Players have previously only been able to buy digital goods for Minecraft that were developed in-house and sold via an online store. Some third-parties have sold add-ons via their own portals, but with restrictions. The new official Minecraft Marketplace, however, will be attached to a user’s Xbox Live account and uses a new digital currency called Minecraft Coins to pay for goods, which can be procured using real money. It’s not entirely clear whether coins can be earned through unlocking certain in-game achievements — Microsoft makes no mention of this.
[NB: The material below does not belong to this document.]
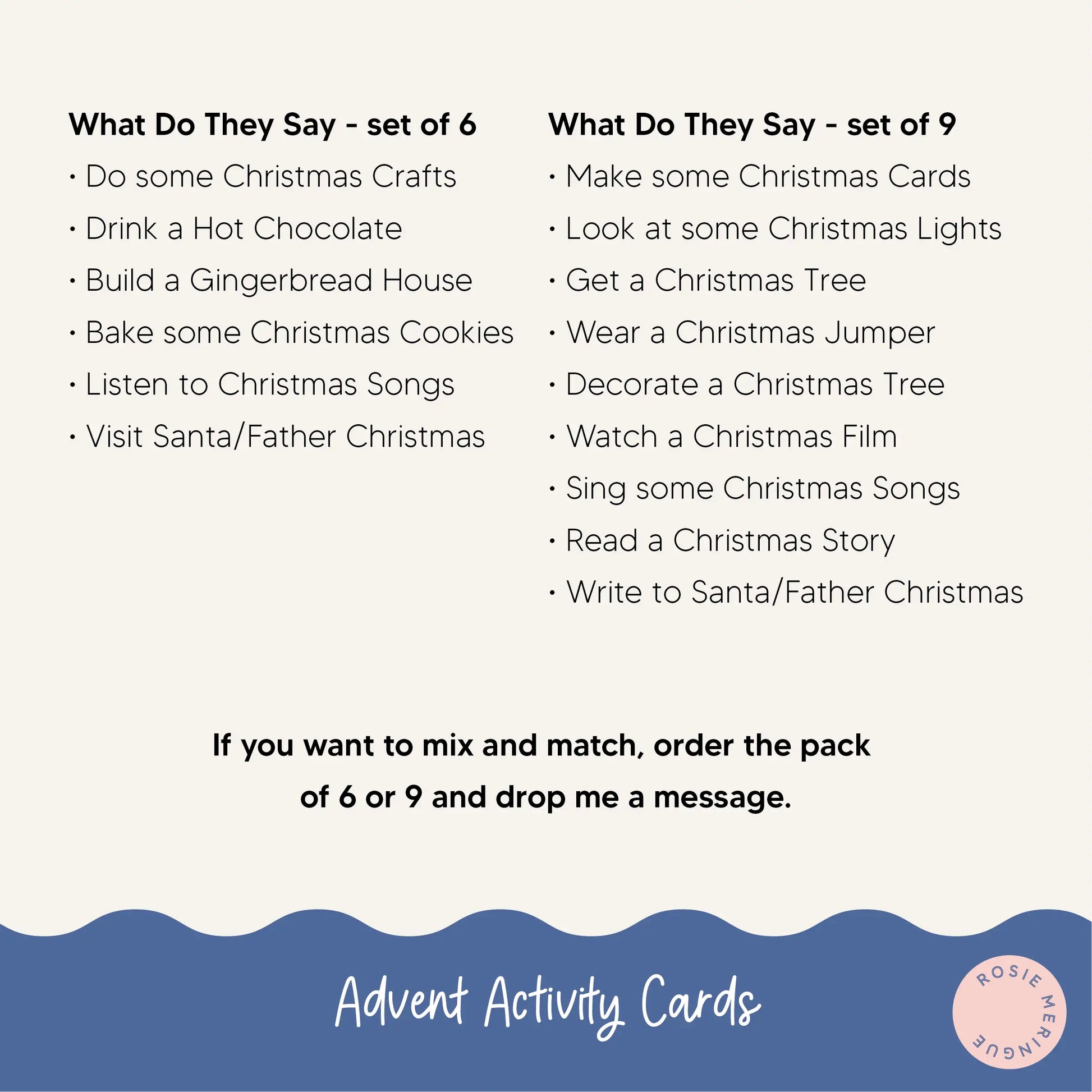 Do you have a reusable advent calendar and find it challenging to decide what to include each day, our activity cards are the ideal solution! They come with 9 or 6 different Christmas activities to be used year after year.
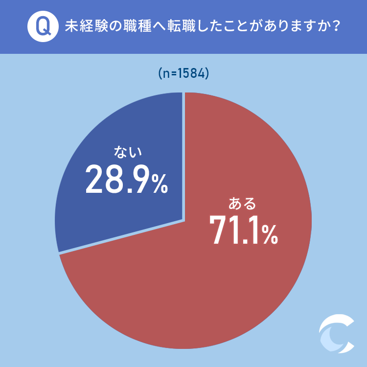 ■71.1%が、未経験の職種へ転職したことが「ある」

The Minecraft Marketplace will be available via a Discovery update coming soon and will arrive on Minecraft: Windows 10 Edition and Minecraft: Pocket Edition. Players can buy maps and skin and texture packs from creators who have been hand-picked by Microsoft. All purchases will be available to use across platforms.
There will be nine creators at launch though Microsoft said that it will be adding more every month. Among the initial roster of creators is Blockception, which is selling a replica map of London that evolves through the ages as players progress, and Sphax has created a pack that transforms Minecraft into a comic book.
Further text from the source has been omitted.